It is 1:44 Eastern on Wednesday, November 10.

KELSEY: Things may have changed by the time you hear this. As for me, I will have found this geocache and off to my next geocaching adventure. Enjoy the show.


MARA LIASSON, BYLINE: What's a geocast (ph)?

DETROW: They're, like, things - little, like, things that are hidden, and you get the - I think I have this right. You get, like, the GPS location. You have to go hike and find it. Then you, like, take a picture with it, or there's a prize inside. But they're all around you, Mara. You just don't know.

MILES PARKS, BYLINE: We just got a new hobby for Mara (laughter).

LIASSON: Oh, it's like a scavenger hunt.

PARKS: Exactly.

DETROW: Hey there. It's the NPR POLITICS PODCAST. I'm Scott Detrow. I cover the White House.

PARKS: I'm Miles Parks, and I cover voting.

LIASSON: I'm Mara Liasson, national political correspondent.

DETROW: And future geocacher, maybe.


DETROW: So we are here. Miles, you cover this every day. Mara, you've been doing a lot of big-picture reporting on it. Today we are going to check in on one of the biggest ongoing stories we're all following.

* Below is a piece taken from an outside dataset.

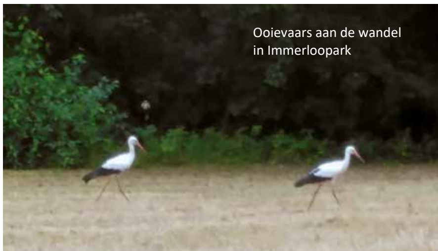
Ooievaars aan de wandel in Immerloopark

Het volgend Bewonersoverleg is op woensdag 30 oktober om 20.00 uur in de Vredenburg.

And those are attempts to undermine and discredit and, in many states, put new restrictions on the elections that are at the heart of this country's democracy. Democrats have been sounding the alarm loudly about the fact that they think this country is in a constitutional crisis.


ANGUS KING: One of our great political parties has embraced the idea that our last election was fraudulent, that our current president is illegitimate, that they must move legislatures across the country to fix the results - to fix the results of future elections.

DETROW: That is Maine Senator Angus King. He's an independent who caucuses with the Democrats. He was speaking on the Senate floor a few weeks ago.

Mara, you just put a big story on the air about all of this. What are the specific worries that King and so many other people have about what could happen in the next two elections, specifically 2024?

LIASSON: Yeah. Well, there's a whole kind of cascading list of things they're worried about. I mean, one of them is that there'll be tremendous voter suppression, people will be purged from the voter rolls.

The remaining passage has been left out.